Non fidarti del badge. Guarda la catena.

FAQ

Un servizio ospitato in Europa è per forza sovrano?
No. È il punto chiave: un fornitore americano come AWS, Microsoft Azure o Cloudflare resta soggetto al CLOUD Act anche se i suoi server sono a Parigi o Francoforte. La sovranità dipende dalla proprietà e dal controllo dell'azienda, non solo dalla posizione dei server.

Il CLOUD Act, che cos'è esattamente?
Una legge americana del 2018 che obbliga le aziende soggette al diritto USA a consegnare alle autorità i dati che controllano, ovunque siano archiviati nel mondo. È nata dal caso Microsoft v. United States, che riguardava dati ospitati in Irlanda. La localizzazione dei server non crea quindi una barriera giuridica davanti al diritto americano.

«Adeguato» in senso GDPR vuol dire «sovrano»?
No, sono due assi distinti. L'adeguatezza (art. 45 del GDPR) autorizza un trasferimento di dati verso un paese o un quadro giudicato sufficientemente protettivo (per es. il Data Privacy Framework UE-USA). La sovranità riguarda il controllo: un servizio può essere adeguato per il trasferimento e restare comunque soggetto a un diritto straniero come il CLOUD Act.

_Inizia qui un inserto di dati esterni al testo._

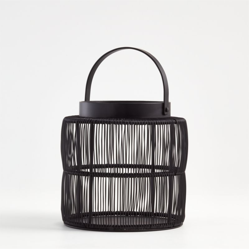 Slim vertical wires cinch to create the slight curves of our medium Ora outdoor lantern. Recalling the look of traditional woven wire lamps that hung from Chinese fishing boats, the black-coated iron lantern sports a charming rounded handle and an open weave that casts delicate shadows when lit from within. Cluster with the coordinating large Ora lantern or scatter in multiples about the patio, deck or balcony.

Come faccio a sapere se il mio sito dipende da servizi non sovrani?
Elencando ogni servizio di terze parti realmente caricato dalla pagina e classificandolo per giurisdizione. È ciò che automatizza un checker di sovranità: identifica le dipendenze fuori dall'UE, smaschera i tracker in CNAME cloaking e propone alternative europee — gratuitamente e in pochi secondi.

Esistono alternative europee credibili?
Sì, per la quasi totalità dei mattoni di un sito: OVHcloud o Scaleway per l'hosting, Matomo, Plausible o Snorklee per l'analytics, Bunny CDN per il CDN, Brevo per l'e-mail, Mollie per il pagamento, ecc. Ridurre l'esposizione è raramente una questione di disponibilità — più spesso una questione di abitudine.

Pubblicato a giugno 2026. Fonti principali: CLOUD Act — Clarifying Lawful Overseas Use of Data Act, H.R. 4943 (2018); caso Microsoft Corp. v. United States (contenzioso su dati ospitati in Irlanda, all'origine del testo); CGUE, sentenza Schrems II, C-311/18 (16 luglio 2020, invalidazione del Privacy Shield); decisione di adeguatezza UE-USA Data Privacy Framework (10 luglio 2023); alleanza di intelligence «Five Eyes». Prevalenza dei servizi di terze parti: HTTP Archive, Web Almanac (capitolo Third Parties) e W3Techs (quote d'uso, ordini di grandezza, consultati nel 2026). Informazione generale, non una consulenza legale individuale — per un caso specifico, consulta un DPO o un giurista qualificato.